[LeetCode] #88. Merge Sorted Array (repeat : 0)

두 개의 배열을 합치고 , 오름차순 정렬로 반환하는 문제이다.  sort 메소드를 사용해서 간단히 해결했다. 

 

# Description

You are given two integer arrays nums1 and nums2, sorted in non-decreasing order, and two integers m and n, representing the number of elements in nums1 and nums2 respectively.

Merge nums1 and nums2 into a single array sorted in non-decreasing order.

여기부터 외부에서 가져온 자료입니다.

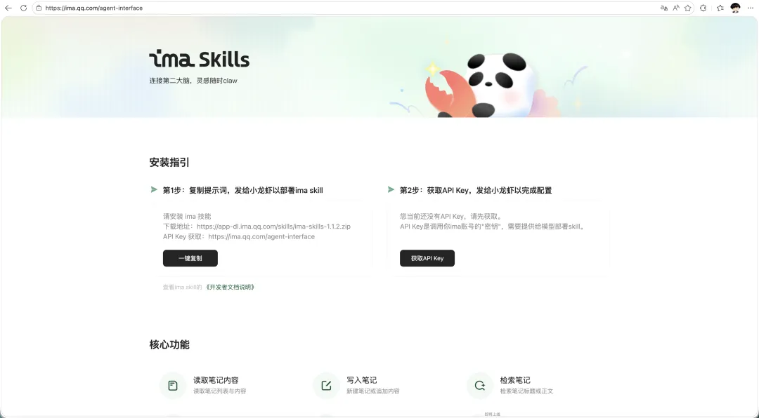 通过这个技能,小龙虾可以直接读写你的 ima 笔记和知识库。我已经放弃了OneNote,目前笔记都迁移到腾讯ima了,有AI搜索加上小龙虾还是很香的。Step 1:获取“钥匙”打开ima 客户端,点击头像 ->【Claw 配置】。点击【获取 API Key】,复制生成的密钥(弹窗只出现一次,务必保存)。或者访问https://ima.qq.com/agent-interfaceStep 2:投喂给小龙虾在 ima 的【Claw 配置】页面点击“一键复制提示词”。将提示词和 API Key 依次发送给小龙虾,直到它回复“IMA 技能安装完成”。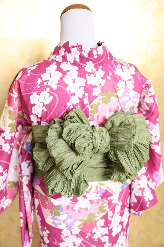 柔らかい布でできた帯で、ふんわりとしたボリュームが出せるのが特徴。結ぶのも簡単で、ガーリーな雰囲気やトレンド感を出したいときに人気。最近ではレースや透け感のある素材も登場し、おしゃれさんに選ばれています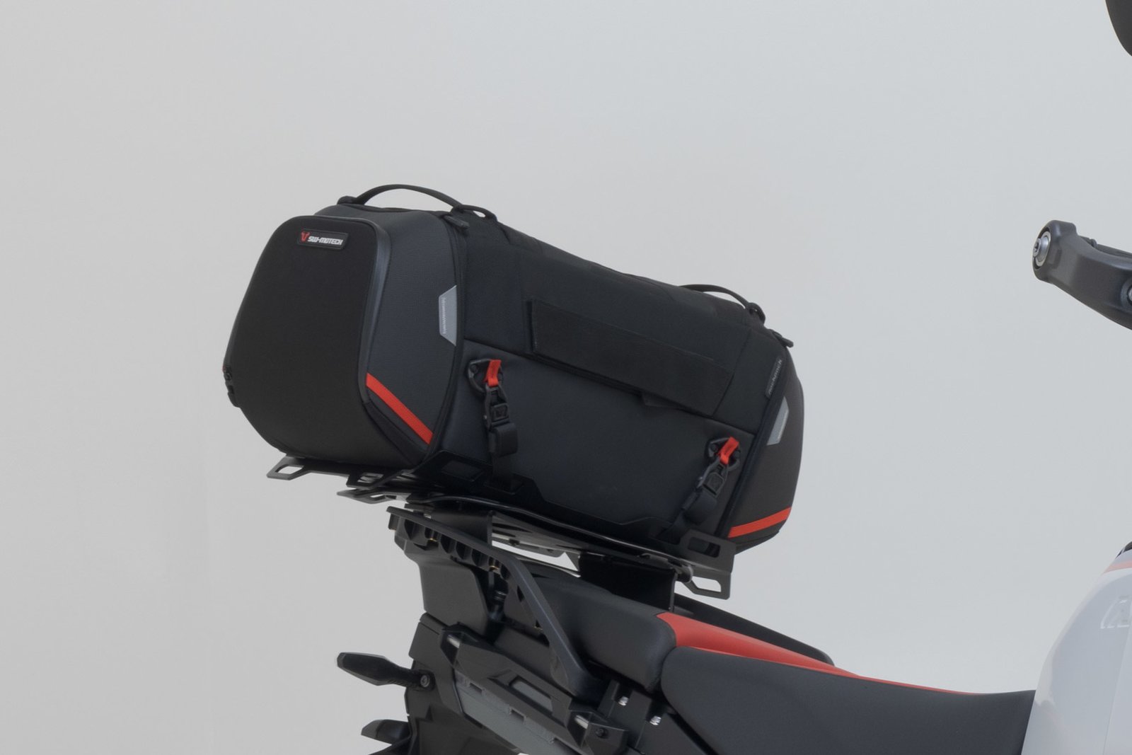 Tail bag ze série PRO je vyroben společností SW-MOTECH z nezničitelného 1680 D Ballistic Nylonu a nosič z robustní hliníkové slitiny. Nosič je připevněn k pružným montážním bodům na motocyklu specifickým pro jízdní kolo.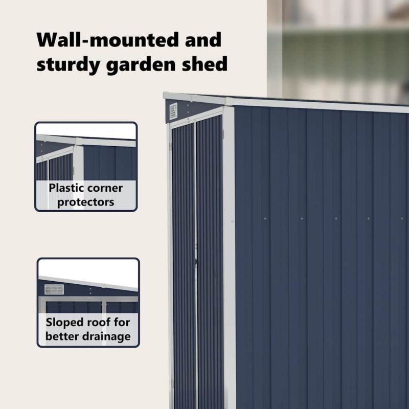 Този стенен градински навес е идеален за съхранение на различни предмети като инструменти, градински мебели, градинско оборудване и др. Навесът предлага защита от мръсотия, прах, както и от силен вятър и атмосферни влияния. Тъй като е изработен от поцинкована стомана и метал, складът изисква минимална поддръжка и е много издръжлив. Двойно отварящите се врати отпред позволяват лесно влизане и излизане. Пластмасовата дръжка с функция за заключване гарантира безопасността на вашите вещи. Освен това, дъждовната вода се оттича автоматично от покрива благодарение на наклонения си дизайн. Полезно е да знаете:За да предотвратите повреди от обилно натрупване на сняг, препоръчваме редовно почистване на покрива през зимата.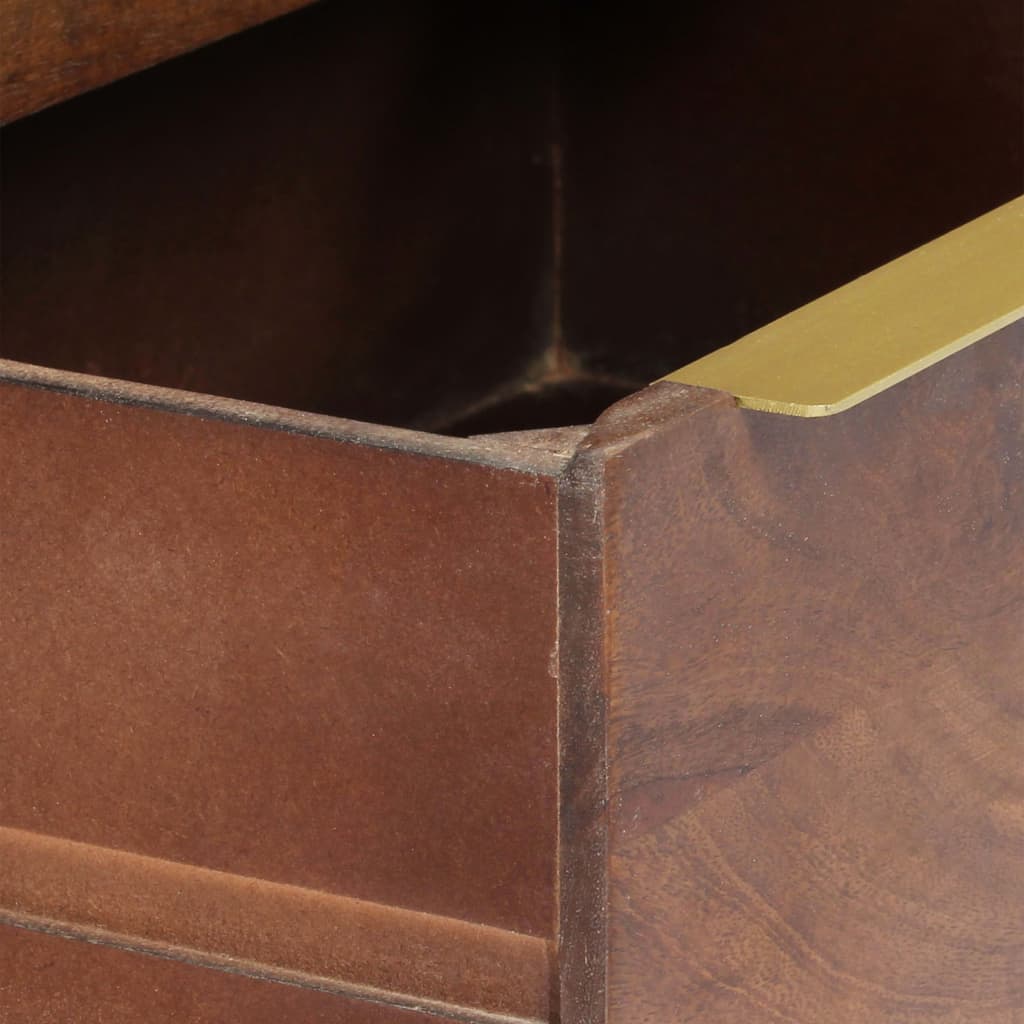 - Material: Massivt mangoträ med valnötsfinish, konstruerat trä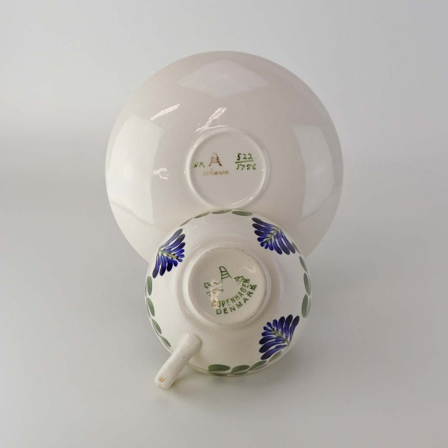 Tekop med underkop i fajance fra stellet Blåregn. Stellet er fremstillet i perioden år 1903-1933. Nr. 522/1756
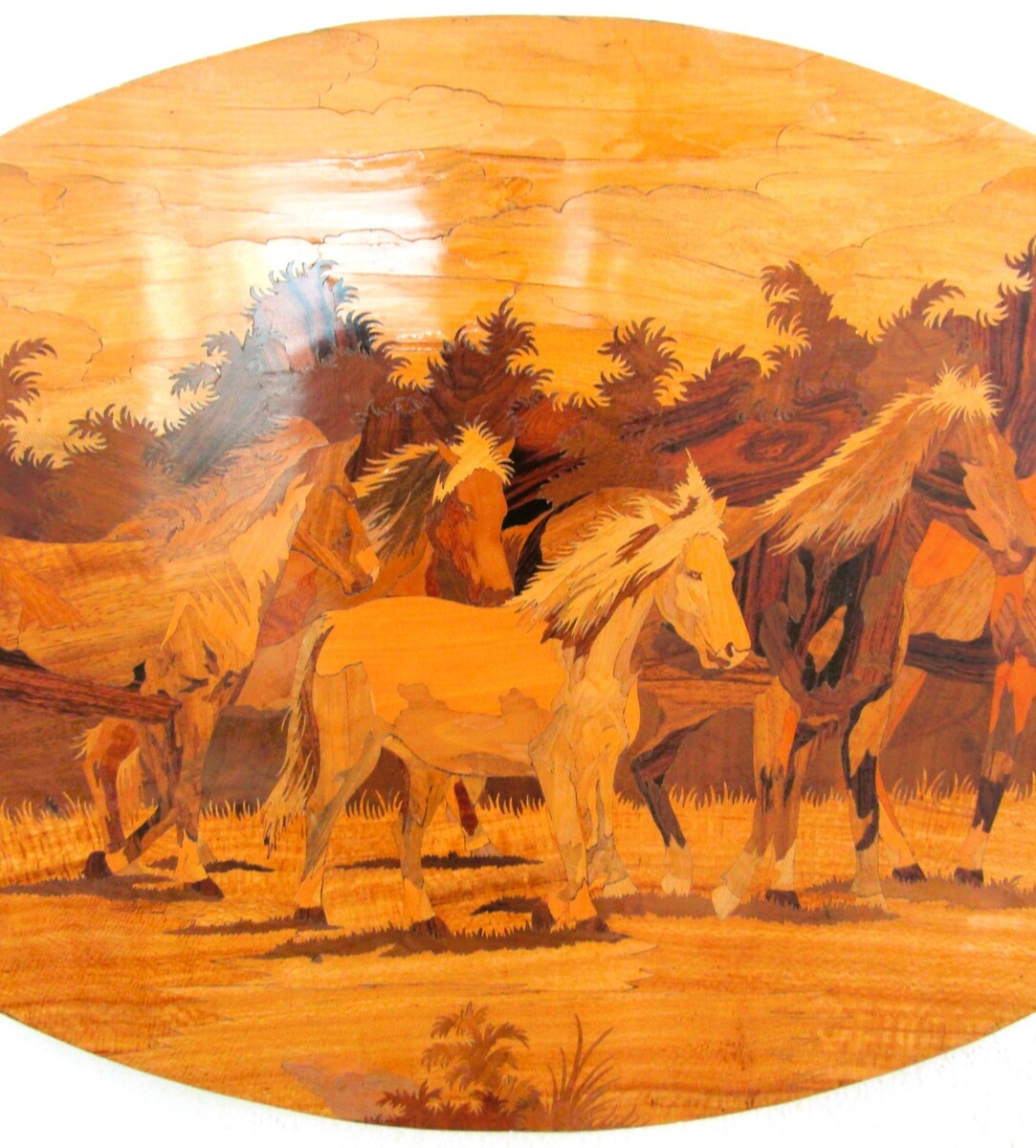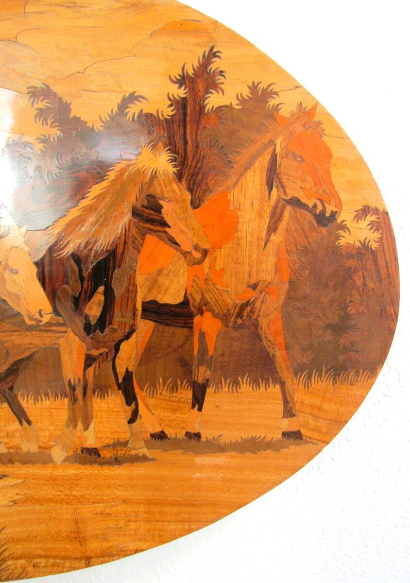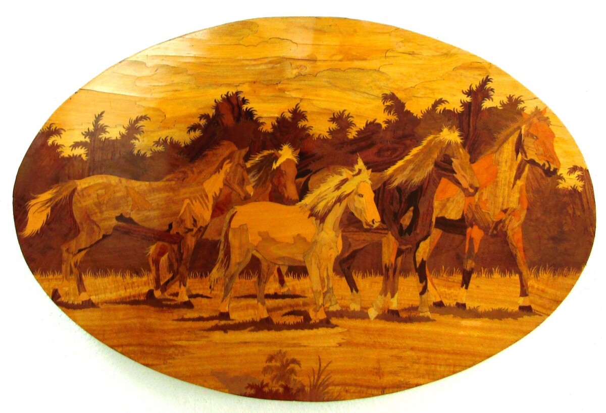 Vintage Horses Mustangs Inlay Wood Marquetry Large Oval Wall Art Panel

The final sorted array should not be returned by the function, but instead be stored inside the array nums1. To accommodate this, nums1 has a length of m + n, where the first m elements denote the elements that should be merged, and the last n elements are set to 0 and should be ignored. nums2 has a length of n.

 

Example 1:

Input: nums1 = [1,2,3,0,0,0], m = 3, nums2 = [2,5,6], n = 3
Output: [1,2,2,3,5,6]
Explanation: The arrays we are merging are [1,2,3] and [2,5,6].
The result of the merge is [1,2,2,3,5,6] with the underlined elements coming from nums1.

Example 2:

Input: nums1 = [1], m = 1, nums2 = [], n = 0
Output: [1]
Explanation: The arrays we are merging are [1] and [].
The result of the merge is [1].

Example 3:

Input: nums1 = [0], m = 0, nums2 = [1], n = 1
Output: [1]
Explanation: The arrays we are merging are [] and [1].
The result of the merge is [1].
Note that because m = 0, there are no elements in nums1. The 0 is only there to ensure the merge result can fit in nums1.

 

 

#Solution 

class Solution{
   public void merge(int[] nums1, int m, int[] nums2, int n) {
   	
    	for(int i=0;i<n;i++){
        	nums1[m] = nums2[i];
            m++;
        }
   			Arrays.sort(num1);
   }
}

 

This algorithm uses only two constant variables num1 and num2 , therefore in terms of space complexity, it is O(1).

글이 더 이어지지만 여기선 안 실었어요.